Undiagnosed patients may go years, or even decades, visiting doctors, getting tests, doing their own digging and looking for a root cause. One study conducted by an Oregon State University researcher found that people who have rare conditions experience more depression and anxiety than the rest of the population. A University of Cambridge researcher, who’s also a rare disease patient, concurred in a journal article that said 82% of rare disease patients report anxiety. That’s in part, she said, because patients are often misdiagnosed or made to think the problems might be “all in their head.”
Feeling stress and anxiety is not a sign that something is wrong with rare disease patients, said Dr. Gareth Baynam, one of the webinar’s panelists and a clinical geneticist at Western Australia University.
“They are having a normal response to extraordinary stressors,” he said. With consistent support for their wellbeing, patients can come to realize that, said Baynam, who is also Director of the Center for Rare and Undiagnosed Diseases at Western Australia.
About 140 people all over the world attended the live webinar event, which is now available to watch on YouTube: Watch the EURORDIS webinar.
Patients and their families, the panelists said, are overwhelmed by the unknown. Without a diagnosis, “no one understands the disease, so there is no treatment and no prognosis,” said Helene Cederroth, another webinar participant and founder of the Wilhelm Foundation, a nonprofit organization dedicated to diagnosing children who have complex conditions.
For parents without a diagnosis for their child's medical condition, wrote one researcher, “the uncertainty … permeates many aspects of their lives, leaving parents with limited treatment options and an uncertain future.” About 80% of rare diseases are genetic, and have varied symptoms involving care from different specialties such as neurologists, infectious disease specialists or endocrinologists.
Panelists said the rare and undiagnosed should be recognized as a distinct population of patients who have specific unmet needs, including the need for representatives to advocate for further research and psychosocial support. Step 1 should be adequately defining the term “undiagnosed” to better capture the attention of policymakers and stakeholders, Baynam said.

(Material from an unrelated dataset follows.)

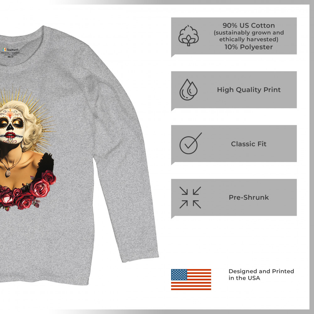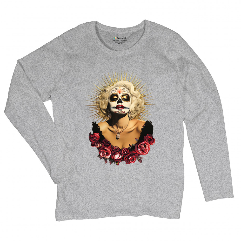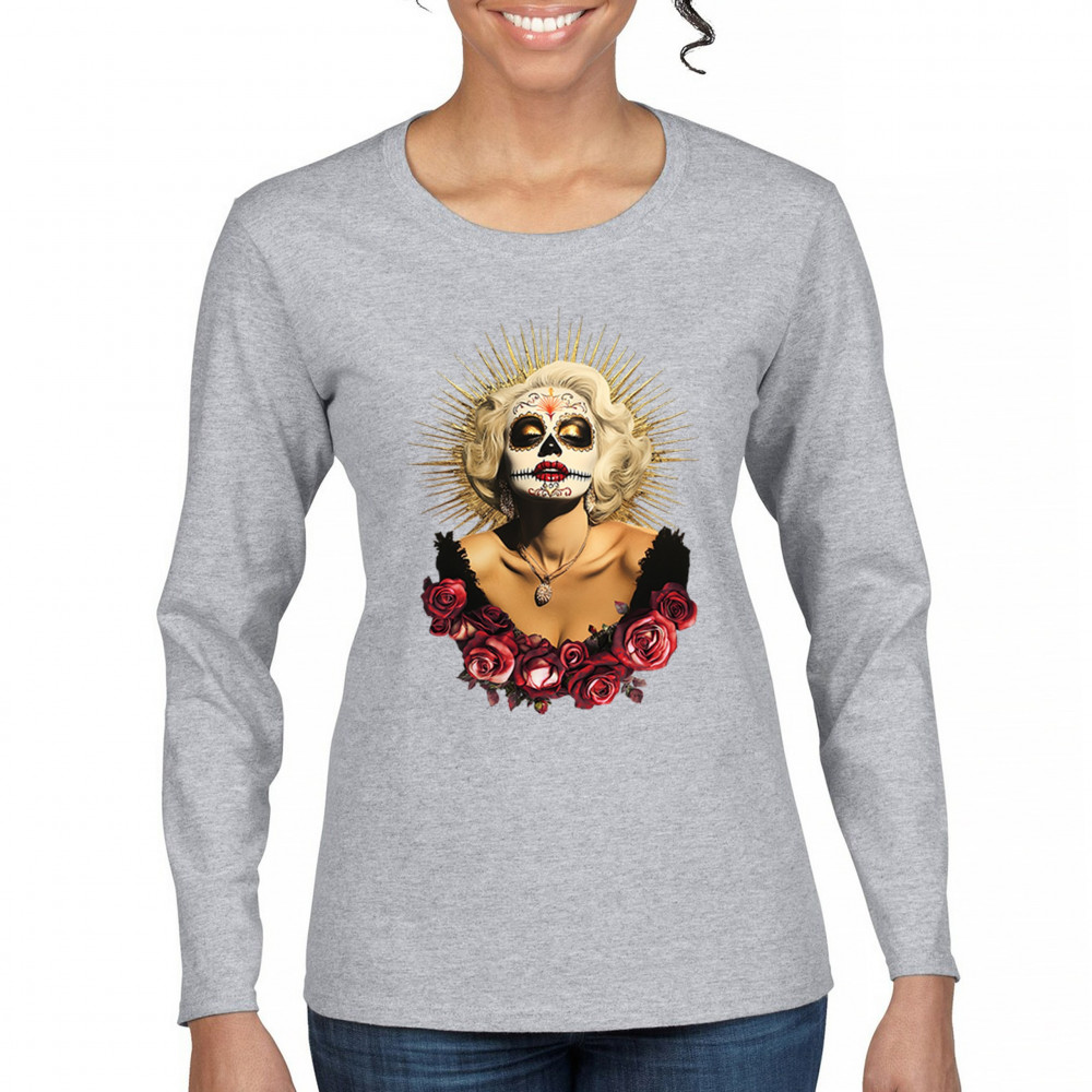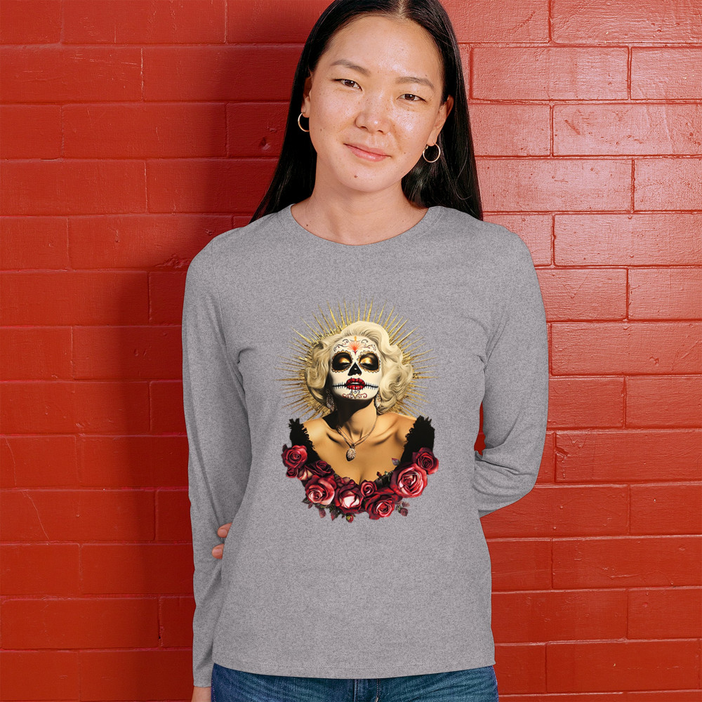 This bold and beautiful sugar skull design features a glamorous calavera woman crowned in a golden halo and framed by roses. A divine tribute to Dia de los Muertos, this look blends vintage glam, Latin culture, makeup artistry, and sacred symbolism. Perfect for fans of gothic beauty, Halloween, and heritage expression.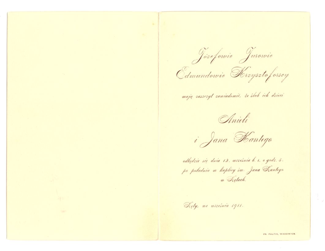 1911. Zaproszenie na ślub Anieli Jury i Jana Kantego Krzysztoforskiego

“Until we have a good definition, we can't have clear pathways,” he said. “They say what is that?”
At the center where Baynam cares for patients, all health care providers – nurses, primary care physicians, mental health specialists and other members of the team are aware of the rare and undiagnosed. It took 10 years.
“It is a systems approach, across all sectors, [the term] ‘undiagnosed disease’ is being embedded,” he said. “It is a category insurers are starting to accept.”
When a diagnosis is elusive, some patients are incorrectly characterized as hypochondriacs, which only adds to the distress of having an undiagnosed illness. To continue the conversation on mental health, EURORDIS invited patients to share short videos about the steps they took to improve their emotional health. The videos will be shown at an upcoming conference.
For patients who remain undiagnosed, here are some suggestions:
- Pay attention to symptoms and record them.
- Find the right health care team.
- Learn to present your symptoms factually and clearly.